*Your task:* Given the entries below, would you transcribe exactly the lines starting at the one with "Вентилируемое окошко, Звонок, Козырек" and ending at the one with "Herramienta de punto", both kept, pictures omitted, nothing extra?

Segment Start: Extracted data

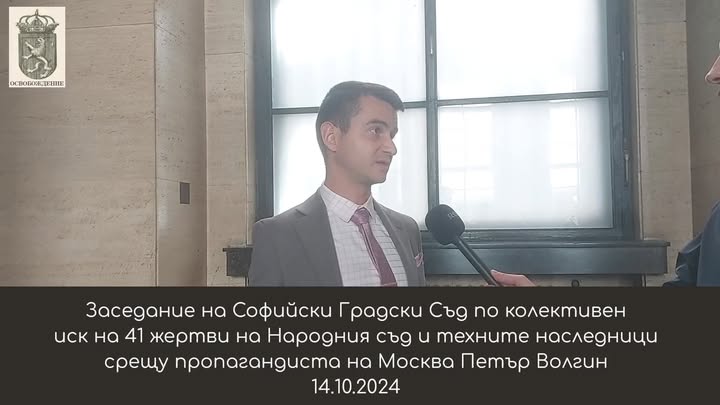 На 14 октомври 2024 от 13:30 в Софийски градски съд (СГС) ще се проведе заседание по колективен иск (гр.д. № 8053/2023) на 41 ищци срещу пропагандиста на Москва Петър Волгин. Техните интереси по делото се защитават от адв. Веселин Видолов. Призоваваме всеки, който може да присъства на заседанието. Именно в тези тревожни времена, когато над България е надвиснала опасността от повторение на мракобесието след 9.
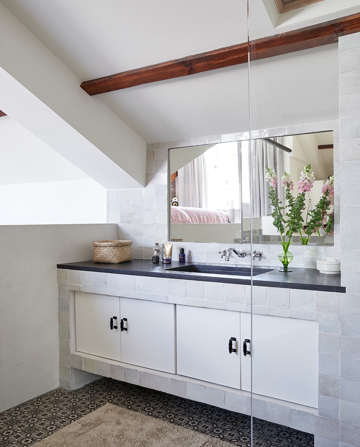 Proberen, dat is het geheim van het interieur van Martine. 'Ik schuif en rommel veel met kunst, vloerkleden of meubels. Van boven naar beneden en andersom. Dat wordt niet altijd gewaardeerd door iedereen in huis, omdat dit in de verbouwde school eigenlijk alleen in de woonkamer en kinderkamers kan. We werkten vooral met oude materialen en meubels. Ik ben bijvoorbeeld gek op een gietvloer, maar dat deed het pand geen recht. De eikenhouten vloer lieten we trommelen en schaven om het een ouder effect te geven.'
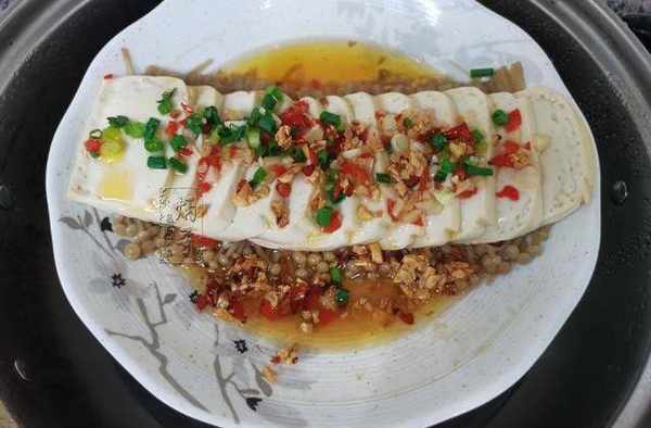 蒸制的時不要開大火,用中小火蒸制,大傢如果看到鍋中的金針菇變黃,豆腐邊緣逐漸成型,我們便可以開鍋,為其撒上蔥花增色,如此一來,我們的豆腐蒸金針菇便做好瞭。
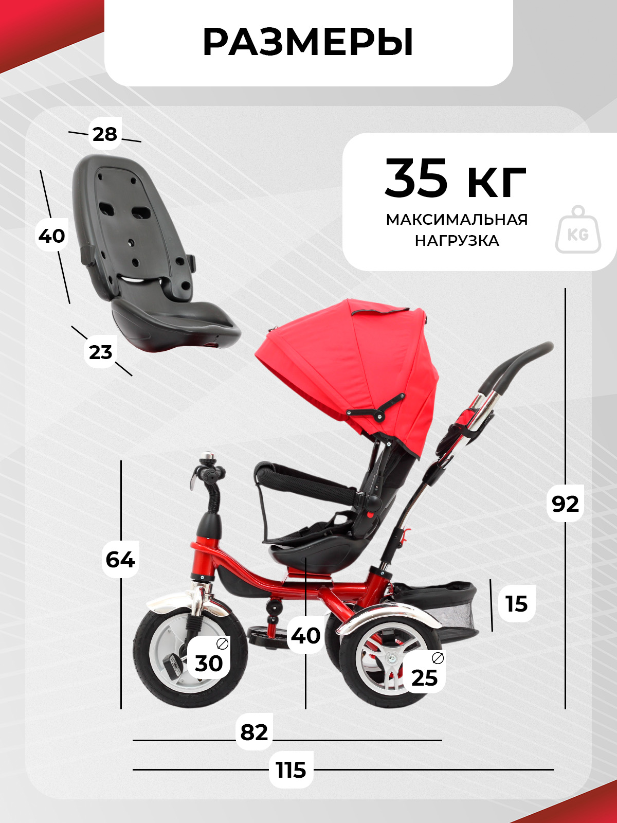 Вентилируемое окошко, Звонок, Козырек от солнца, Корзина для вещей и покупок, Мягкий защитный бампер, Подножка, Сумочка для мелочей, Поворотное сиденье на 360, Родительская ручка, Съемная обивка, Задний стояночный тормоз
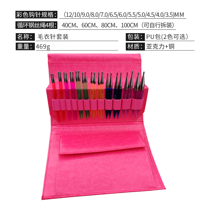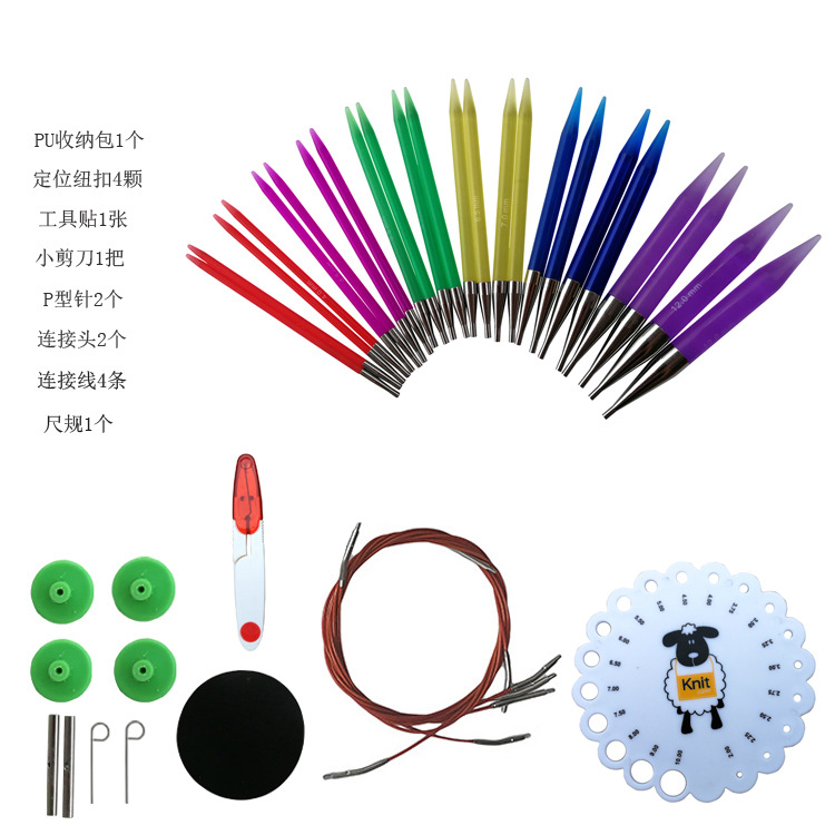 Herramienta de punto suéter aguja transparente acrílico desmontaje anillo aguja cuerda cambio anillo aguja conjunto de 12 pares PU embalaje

Segment End: Extracted data
Segment Start: Extracted data

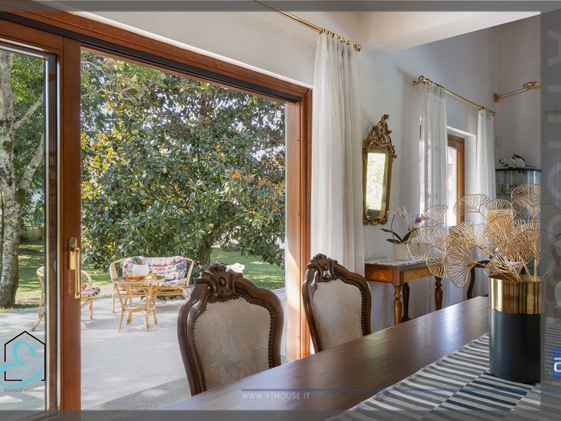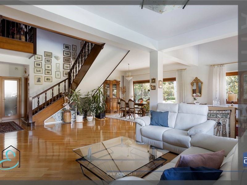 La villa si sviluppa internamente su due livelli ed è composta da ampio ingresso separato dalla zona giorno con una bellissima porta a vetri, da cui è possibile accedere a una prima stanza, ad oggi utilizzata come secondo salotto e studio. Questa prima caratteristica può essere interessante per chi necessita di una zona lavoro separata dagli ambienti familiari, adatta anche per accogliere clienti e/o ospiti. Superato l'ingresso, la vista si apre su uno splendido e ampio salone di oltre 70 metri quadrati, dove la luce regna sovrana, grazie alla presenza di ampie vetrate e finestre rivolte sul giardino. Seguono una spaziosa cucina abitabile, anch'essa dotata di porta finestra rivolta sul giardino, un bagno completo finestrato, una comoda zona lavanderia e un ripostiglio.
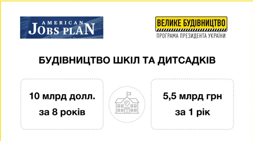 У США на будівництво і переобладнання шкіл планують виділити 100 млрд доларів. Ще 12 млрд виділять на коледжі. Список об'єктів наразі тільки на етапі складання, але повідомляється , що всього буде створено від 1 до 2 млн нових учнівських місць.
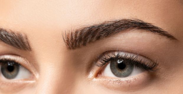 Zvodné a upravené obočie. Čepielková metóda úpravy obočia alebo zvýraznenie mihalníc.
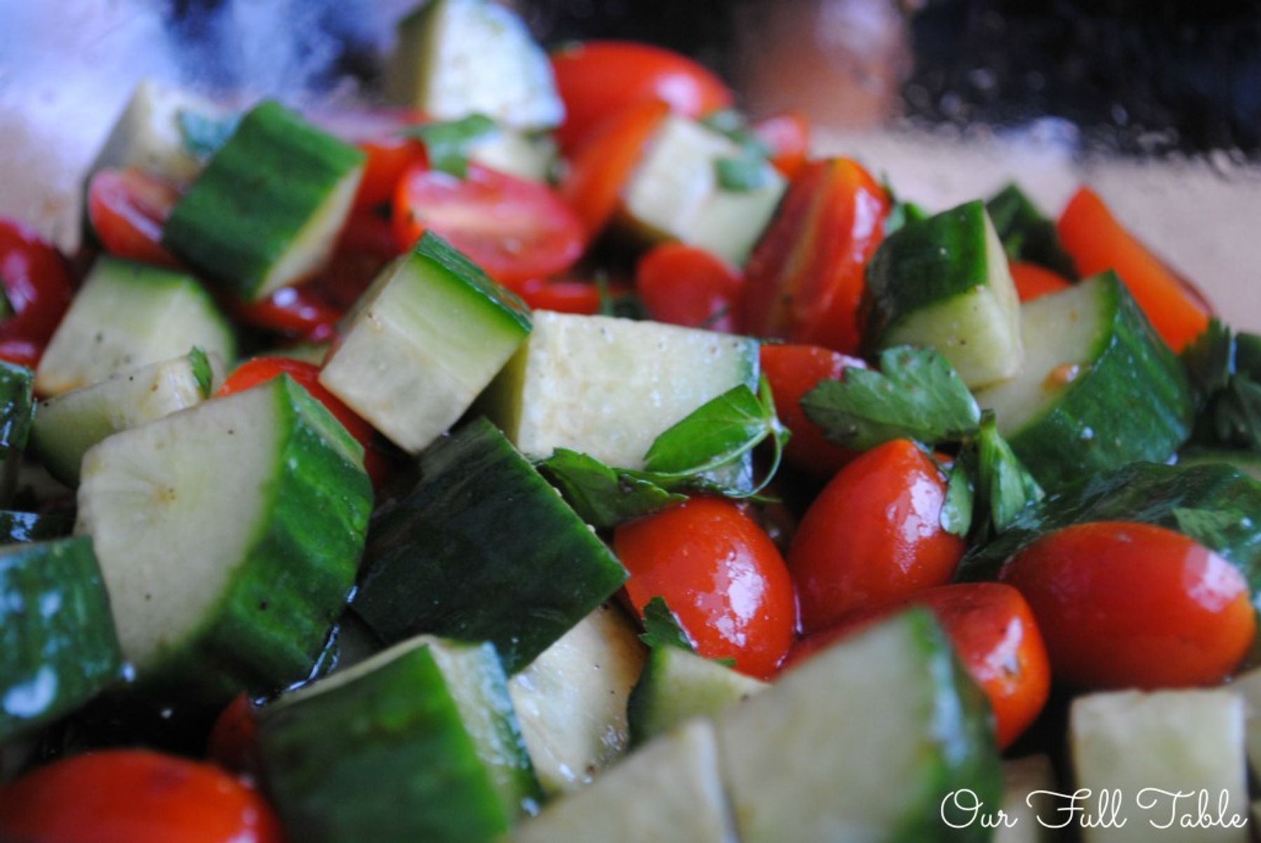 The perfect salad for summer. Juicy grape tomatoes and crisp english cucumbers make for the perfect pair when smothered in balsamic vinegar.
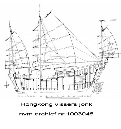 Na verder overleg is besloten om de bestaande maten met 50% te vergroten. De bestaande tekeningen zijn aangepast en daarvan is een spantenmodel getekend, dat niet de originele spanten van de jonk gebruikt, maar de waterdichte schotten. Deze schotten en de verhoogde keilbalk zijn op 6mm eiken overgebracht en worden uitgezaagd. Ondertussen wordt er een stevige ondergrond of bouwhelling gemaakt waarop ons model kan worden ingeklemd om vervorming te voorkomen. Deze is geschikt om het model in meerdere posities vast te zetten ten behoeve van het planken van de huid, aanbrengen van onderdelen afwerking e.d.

Segment End: Extracted data

*Response below:*
 Вентилируемое окошко, Звонок, Козырек от солнца, Корзина для вещей и покупок, Мягкий защитный бампер, Подножка, Сумочка для мелочей, Поворотное сиденье на 360, Родительская ручка, Съемная обивка, Задний стояночный тормоз
 Herramienta de punto suéter aguja transparente acrílico desmontaje anillo aguja cuerda cambio anillo aguja conjunto de 12 pares PU embalaje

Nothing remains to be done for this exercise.